A link is mathematically redundant in principle — the composed potential \(h \circ g\) is itself convex and differentiable, so any loss with a non-trivial link can be re-expressed with the identity link by absorbing \(g\) into \(h\). The link exists for convenience: it lets you write \(h\) in its natural form (e.g. \(h(t) = t \log t\) for KL, defined for \(t > 0\)) and then constrain \(\hat\alpha\) to that domain at predict time without re-deriving anything.
The inline Loss(...) constructor accepts three named links:
link
\(\alpha = g(\eta)\)
\(\alpha\) domain
"identity" (default)
\(\eta\)
\(\mathbb R\)
"exp"
\(\exp(\eta)\)
\((0, \infty)\)
"sigmoid"
\(1 / (1 + \exp(-\eta))\)
\((0, 1)\)
Subclasses can implement any link — just override link_to_alpha and alpha_to_eta. BoundedSquaredLoss does this with a sigmoid-scaled link \(\alpha = \mathrm{lo} + (\mathrm{hi} - \mathrm{lo}) \cdot \sigma(\eta)\) to keep predictions in a user-specified box.
Kernel ridge (krrr): SquaredLoss only — non-quadratic losses need a Newton iteration on the kernel system.
Random forest, augmentation-style (forestriesz.AugForestRieszRegressor): all four losses. Tree structure from the squared MSE criterion, then a per-leaf Newton replaces each leaf’s stored θ with the Bregman optimum.

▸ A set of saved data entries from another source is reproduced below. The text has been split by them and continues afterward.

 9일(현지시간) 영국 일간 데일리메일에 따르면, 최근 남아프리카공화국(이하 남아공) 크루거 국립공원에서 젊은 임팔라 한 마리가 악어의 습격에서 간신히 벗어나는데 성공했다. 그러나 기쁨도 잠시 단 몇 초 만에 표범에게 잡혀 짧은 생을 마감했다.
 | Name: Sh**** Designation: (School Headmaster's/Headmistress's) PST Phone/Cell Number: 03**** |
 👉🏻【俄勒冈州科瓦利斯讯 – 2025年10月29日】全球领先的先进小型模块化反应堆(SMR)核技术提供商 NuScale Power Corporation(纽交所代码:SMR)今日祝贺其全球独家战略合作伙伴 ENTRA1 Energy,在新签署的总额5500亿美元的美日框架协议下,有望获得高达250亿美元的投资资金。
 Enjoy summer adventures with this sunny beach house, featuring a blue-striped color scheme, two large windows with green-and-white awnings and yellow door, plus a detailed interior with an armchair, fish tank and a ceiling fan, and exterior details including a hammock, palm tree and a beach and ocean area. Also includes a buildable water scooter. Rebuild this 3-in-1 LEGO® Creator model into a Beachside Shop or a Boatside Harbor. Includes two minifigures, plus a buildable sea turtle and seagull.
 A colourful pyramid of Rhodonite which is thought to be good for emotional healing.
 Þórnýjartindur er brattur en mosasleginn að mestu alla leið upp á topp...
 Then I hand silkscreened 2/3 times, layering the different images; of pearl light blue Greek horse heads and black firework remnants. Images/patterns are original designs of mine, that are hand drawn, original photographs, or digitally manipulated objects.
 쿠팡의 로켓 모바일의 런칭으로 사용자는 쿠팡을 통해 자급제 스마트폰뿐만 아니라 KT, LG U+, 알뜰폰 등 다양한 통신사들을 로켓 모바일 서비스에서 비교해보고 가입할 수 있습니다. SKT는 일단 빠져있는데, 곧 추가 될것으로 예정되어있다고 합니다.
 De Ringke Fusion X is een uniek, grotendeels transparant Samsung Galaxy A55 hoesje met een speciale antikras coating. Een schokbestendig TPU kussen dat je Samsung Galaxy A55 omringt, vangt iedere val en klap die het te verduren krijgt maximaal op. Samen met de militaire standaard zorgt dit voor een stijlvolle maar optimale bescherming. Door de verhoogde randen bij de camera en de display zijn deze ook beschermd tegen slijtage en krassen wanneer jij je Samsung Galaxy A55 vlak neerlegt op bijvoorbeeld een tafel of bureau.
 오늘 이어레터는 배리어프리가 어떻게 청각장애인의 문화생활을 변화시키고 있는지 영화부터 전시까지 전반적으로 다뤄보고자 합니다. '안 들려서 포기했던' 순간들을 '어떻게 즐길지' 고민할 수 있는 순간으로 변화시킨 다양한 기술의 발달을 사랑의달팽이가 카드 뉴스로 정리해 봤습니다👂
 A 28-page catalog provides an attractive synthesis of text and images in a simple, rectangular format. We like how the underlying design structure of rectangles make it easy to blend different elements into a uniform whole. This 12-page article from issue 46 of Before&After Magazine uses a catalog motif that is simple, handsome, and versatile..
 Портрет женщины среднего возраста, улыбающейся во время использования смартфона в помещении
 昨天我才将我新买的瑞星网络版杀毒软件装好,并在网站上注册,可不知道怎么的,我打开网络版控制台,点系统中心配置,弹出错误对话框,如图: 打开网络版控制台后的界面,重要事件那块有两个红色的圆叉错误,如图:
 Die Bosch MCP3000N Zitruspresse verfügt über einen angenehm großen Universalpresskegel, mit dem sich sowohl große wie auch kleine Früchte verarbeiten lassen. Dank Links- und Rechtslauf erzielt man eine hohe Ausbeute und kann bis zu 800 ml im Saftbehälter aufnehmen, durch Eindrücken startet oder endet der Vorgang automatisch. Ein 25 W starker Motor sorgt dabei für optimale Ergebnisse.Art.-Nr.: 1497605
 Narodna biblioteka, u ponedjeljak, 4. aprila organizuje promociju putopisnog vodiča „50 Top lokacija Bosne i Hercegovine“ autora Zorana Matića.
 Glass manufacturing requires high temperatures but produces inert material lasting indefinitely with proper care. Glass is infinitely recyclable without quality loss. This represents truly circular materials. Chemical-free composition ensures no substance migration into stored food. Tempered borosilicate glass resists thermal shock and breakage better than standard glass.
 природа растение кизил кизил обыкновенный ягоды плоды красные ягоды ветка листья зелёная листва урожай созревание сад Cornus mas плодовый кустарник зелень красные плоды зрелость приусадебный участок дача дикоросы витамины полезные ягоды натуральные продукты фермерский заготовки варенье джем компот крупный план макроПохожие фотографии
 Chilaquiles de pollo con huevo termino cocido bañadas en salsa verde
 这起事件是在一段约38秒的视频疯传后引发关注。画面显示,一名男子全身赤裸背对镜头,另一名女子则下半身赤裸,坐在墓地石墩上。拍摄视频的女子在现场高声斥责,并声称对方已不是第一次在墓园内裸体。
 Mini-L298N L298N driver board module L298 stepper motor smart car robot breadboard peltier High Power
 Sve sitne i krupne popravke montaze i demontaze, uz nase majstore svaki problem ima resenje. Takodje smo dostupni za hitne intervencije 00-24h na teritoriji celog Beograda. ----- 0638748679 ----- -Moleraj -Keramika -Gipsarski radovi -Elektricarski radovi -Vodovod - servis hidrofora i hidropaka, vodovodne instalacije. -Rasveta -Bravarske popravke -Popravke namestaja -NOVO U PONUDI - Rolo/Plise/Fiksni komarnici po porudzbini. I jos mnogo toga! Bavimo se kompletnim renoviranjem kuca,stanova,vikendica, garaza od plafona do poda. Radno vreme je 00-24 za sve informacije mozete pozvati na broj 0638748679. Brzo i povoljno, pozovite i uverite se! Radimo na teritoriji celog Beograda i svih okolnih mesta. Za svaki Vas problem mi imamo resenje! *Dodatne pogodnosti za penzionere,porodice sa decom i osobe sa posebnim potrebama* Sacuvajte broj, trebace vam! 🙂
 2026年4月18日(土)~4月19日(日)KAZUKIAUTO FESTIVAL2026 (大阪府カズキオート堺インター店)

Random forest, moment-style (forestriesz.ForestRieszRegressor): SquaredLoss only.
Neural network (riesznet): all four losses. Each loss’s per-row Bregman form is implemented in autograd-friendly torch ops; gradient parity vs the analytic loss is checked at 1e-8.
Pass an unsupported loss and the backend raises at fit time with a clear error.